Sooo, I did the migration from Lightroom Classic to Lightroom CC and it all went smoothly, but now I'm waiting for the original photos to sync up and it looks like it's going to take approximately 2 months to upload 800GB. I have to pause the sync during the day, because it uses up ALL the upload bandwidth.

Anyway, I checked with my network guy at work and he said, just bring it in and finish the upload here. But I'm installed on a desktop and the thought of lugging the box in on public transport is really not my favourite thought.

So my question is: Is it possible to setup Lightroom CC on a laptop and external drive and continue the sync on a different computer?


----------



## Jim Wilde (Jan 31, 2018)

I can't think of an easy way of doing that. Sure, you can setup LRCC on a laptop, but it won't know about the 800GB of photos until they have been uploaded to the cloud.
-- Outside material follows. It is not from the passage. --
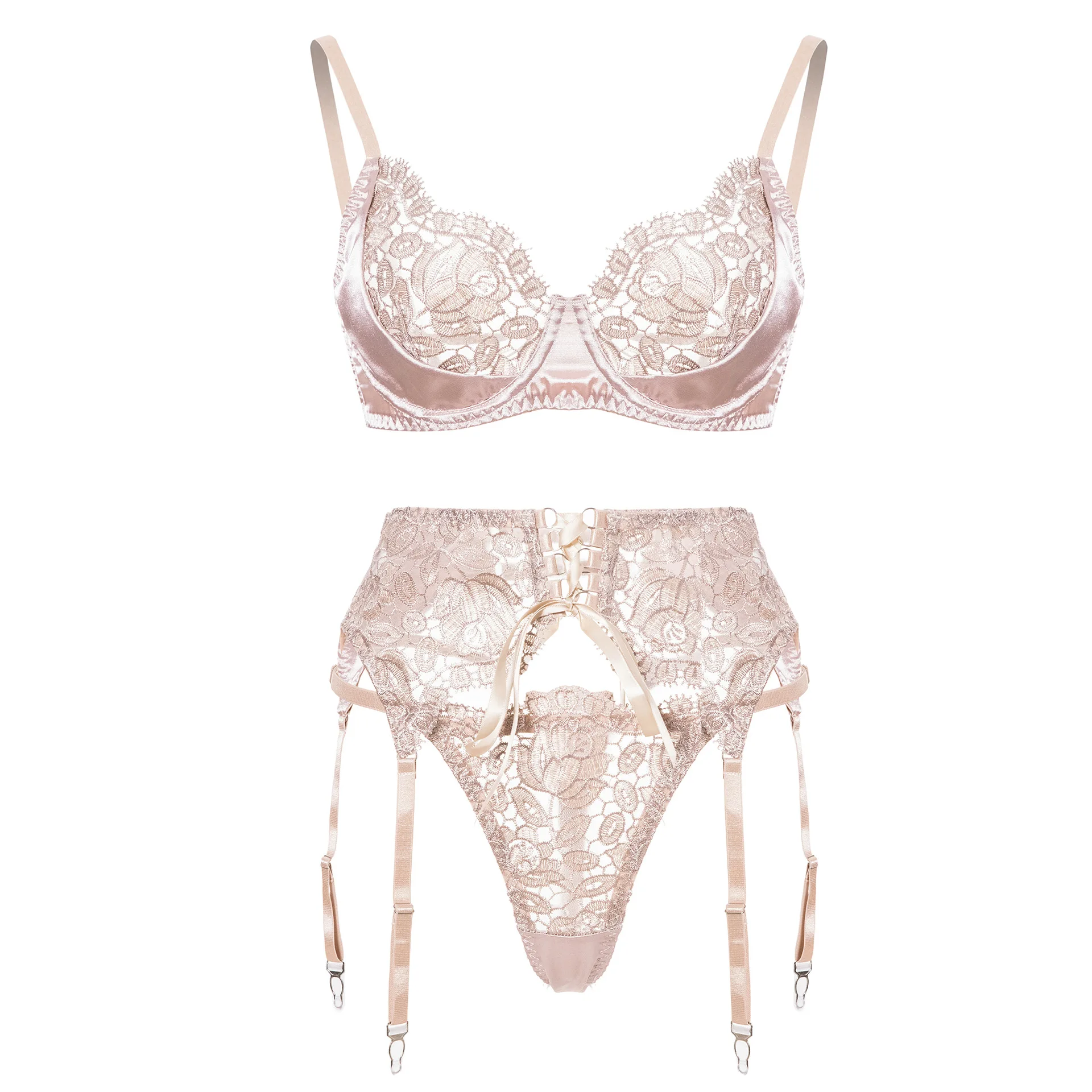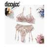 Diccvicc Floral Lingerie Luxury Lace Satin Patchwork Bra Drawstring Garter Exotic Set Sexy Women Underwear Transparent Intimates

The images are currently held locally on your desktop, so apart from "starting over" (which is difficult anyway) I can't see how it can be done. Unfortunately peer-to-peer syncing isn't a feature of Adobe's cloud apps, which is ideally what you'd want in this situation.

Maybe one of our other gurus here might have an idea.


----------



## lorien (Oct 22, 2018)

Just thought I would update this. I lugged the desktop in on the train and it took about 2 days to upload (as opposed to 3+ months!).


----------



## Victoria Bampton (Oct 23, 2018)

Thanks for the update lorien!


----------